В одной половине деревянного дома — я с матерью, в другой — он один. В нашей комнате просторно — для ребёнка всё огромно, большое. Возле глухой белой стены, которая на самом деле была задником русской печи, находившейся в комнате хозяин, он её и топил, варил еду, пёк хлеб, поэтому в нашей комнате всегда тепло, стояла ручная мельница — деревянная колода с жерновом, который надо крутить за ручку, подсыпая зерно: из жестяного носика сыпалась мука. Рядом единственная железная кровать, и напротив большой стол в углу, между двумя окнами.

Зима. Мать уходит на работу, а я на долгий, почти бесконечный день остаюсь один. На улицу не выйти, дверь заперта. Долго смотрю в окно, выглядывая мать, но её всё нет. Невыносимо скучно. Мой разум девственен, я ничего не знаю об окружающем мире, о своей взаимосвязи с ним, у меня ещё нет воспоминаний. Для меня весь мир – это моя мать, но её нет и нет.
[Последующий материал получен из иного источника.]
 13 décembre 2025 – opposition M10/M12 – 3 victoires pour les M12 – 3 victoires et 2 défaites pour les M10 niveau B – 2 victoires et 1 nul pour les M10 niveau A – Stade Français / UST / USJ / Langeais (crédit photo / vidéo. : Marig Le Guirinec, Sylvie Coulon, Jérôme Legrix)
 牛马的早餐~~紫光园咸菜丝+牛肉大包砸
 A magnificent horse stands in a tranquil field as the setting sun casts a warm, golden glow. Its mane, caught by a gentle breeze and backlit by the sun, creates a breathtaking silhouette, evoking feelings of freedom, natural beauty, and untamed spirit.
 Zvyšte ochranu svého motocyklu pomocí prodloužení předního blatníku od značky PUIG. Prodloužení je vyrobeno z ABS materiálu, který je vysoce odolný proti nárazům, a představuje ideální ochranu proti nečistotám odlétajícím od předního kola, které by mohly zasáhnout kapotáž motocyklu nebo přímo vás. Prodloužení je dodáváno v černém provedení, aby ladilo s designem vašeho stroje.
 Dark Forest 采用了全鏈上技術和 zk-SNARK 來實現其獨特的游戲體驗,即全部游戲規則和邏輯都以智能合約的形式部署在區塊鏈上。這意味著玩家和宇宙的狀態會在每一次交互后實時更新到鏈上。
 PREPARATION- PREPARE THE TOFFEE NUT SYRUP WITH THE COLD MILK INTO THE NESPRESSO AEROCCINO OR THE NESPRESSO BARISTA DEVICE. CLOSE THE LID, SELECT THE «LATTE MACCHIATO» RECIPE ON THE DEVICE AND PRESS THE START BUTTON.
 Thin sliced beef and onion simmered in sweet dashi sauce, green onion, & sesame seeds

Невыносимо долго нет.

В маленьком дворике никаких перемен, даже старика не видно, никакой живности. В комнате ни одной игрушки. На столе в беспорядке множество предметов. Я ещё не знал, как они называются, возможно, поэтому они и не запечатлелись в памяти. Просто, какие-то предметы. Нечто абстрактное.

Если бы кто-то сказал: Это — катушка ниток. Я бы подумал: Да, конечно. Теперь я знаю, как это называется. Но некому сказать, что это — чернильница, а это — ручка с пером. Неназванное не фиксируется в памяти. У матери нет шкатулки, где всё это могло бы лежать. Навожу свой порядок: всё расставляю в ряд на край стола возле стены, чтобы не мешалось. Предметов хватало на полтора ряда. Огромный стол почти свободен, и это мне нравится. Навел порядок. Так красивее. Так должно быть.
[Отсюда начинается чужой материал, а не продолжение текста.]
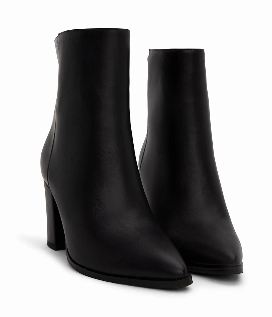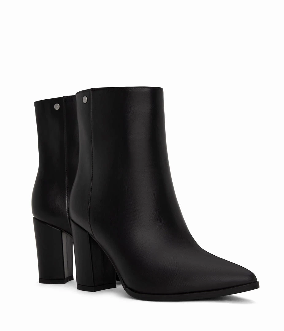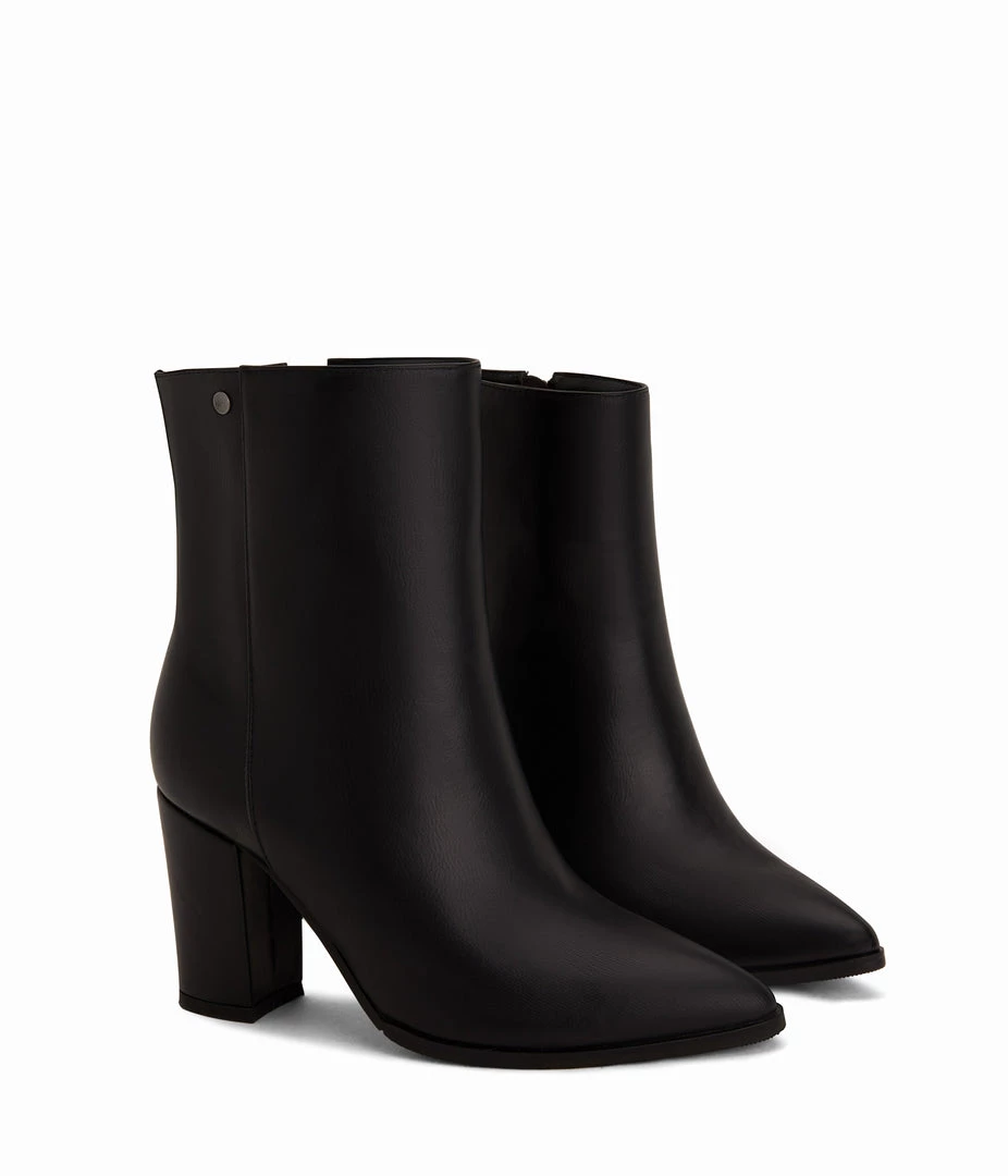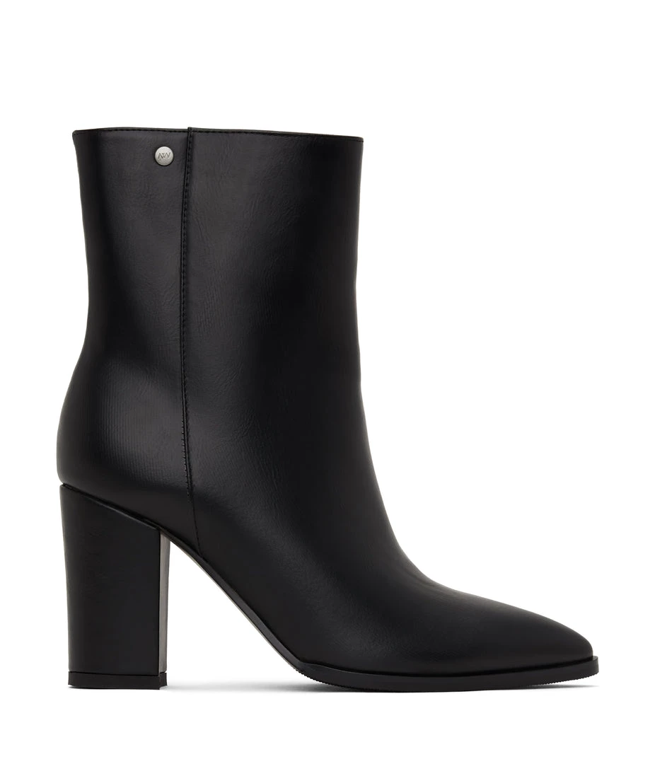 Women’s high heel block heel with block heel and pointed toe. MN logo rivet detail.

Я не сознавал, что стремление, наводить порядок, было у меня в генах, и останется на всю жизнь. Пойму это в конце жизни. Не самая плохая черта, доставшаяся по-наследству. Но вот же странно, у матери нет этого стремления.

Снова принимаюсь смотреть в окно. Иногда плакал, но это не помогало, матери всё нет. День, казалось, никогда не кончится. Чтобы хоть чем-то занять себя, подходил к ручной мельнице в виде невысокого обрубка ствола с металлической ограждающей полосой, возможно, алюминиевой, и раскручивал жернова за ручку.
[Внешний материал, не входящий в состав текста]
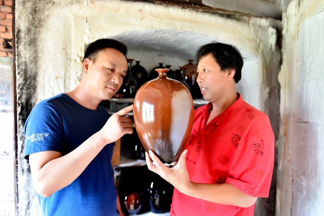 馬會昌與到訪的陽泉市收藏家協(xié)會盂縣分會會長高飛研究定窯瓷器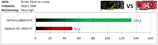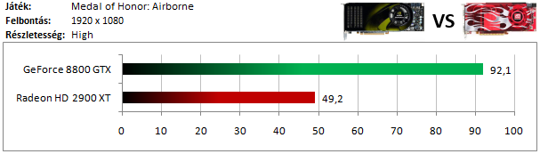 A 8800 GTX érdekes módon nem szenvedett annyira ebben a játékban, mint modernebb testvére, és jócskán megelőzte a 2900 XT-t, visszaállítva a papírformát.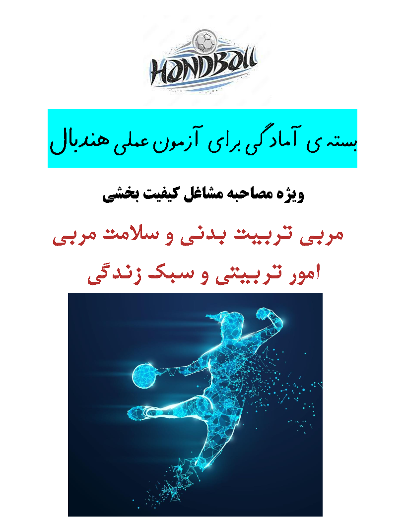 بسته آموزشی آزمون عملی هندبال ویژه مربی تربیت بدنی و سلامت - مربی امور تربیتی و سبک زندگی مطابق با آخرین اطلاعیه های ستاد ارزیابی تکمیلی آزمون استخدامی مشاغل کیفیت بخشی سال 1403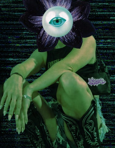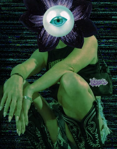 My work is an invitation to feel everything.. the slippery, the sacred, the surreal. I embrace the messy magic of life and let it speak, transforming pain into portals and curiosity into creation, where symbolism meets sensuality, spirit meets circuitry, and the organic fuses with the digital and mechanical.

Мыши, которые в тишине смелели, залезали в мельницу лакомиться полуразрушенными зернами пшеницы, с писком бросались врассыпную, выпрыгивая из западни в разные стороны, и, чуть ли не на меня, что пугало, но было забавно и интересно наблюдать за переполохом. Я не понимал, что некоторые не успевают спастись,  их прижимало к стенке и растирало в кровавое месиво, которое позже попадало в муку.

Снова отходил к окну, где ничего не менялось, — всё тот же двор. Посидев в тиши, снова подходил к мельнице. Мыши выпрыгивали изо всех щелей. И так изо дня в день.

Хозяин недоумевал, почему в испеченном хлебе, попадаются куски мяса, пока случайно не увидел мои забавы с мельницей, и догадался, чьё мясо он ел. Христианская сущность возмутилась, и он, к моему огорчению, унес мельницу на свою половину, а я лишился единственной забавы.

Под вечер приходила мама и скука исчезала. Почему-то ей не нравился наведенный на столе порядок, она всё перемешивала, хаотично расставляя всё на столе. Я не понимал этого, и на следующий день снова наводил свой порядок.

Вспоминая это своё одиночество, я как-то долго не задумывался, почему мать оставляла меня одного на целый день? Неужели нельзя было попросить кого-то приютить на день? Но тогда нужно оставлять денег на еду, а денег мало, потерпит, не умрёт. Не хотела одалживаться? Кого-то просить. Я тоже этого не люблю. Хотя для матери это никогда не было проблемой. Вероятно, не задумывалась, каково ребенку быть одному? Жив, здоров, что ещё нужно?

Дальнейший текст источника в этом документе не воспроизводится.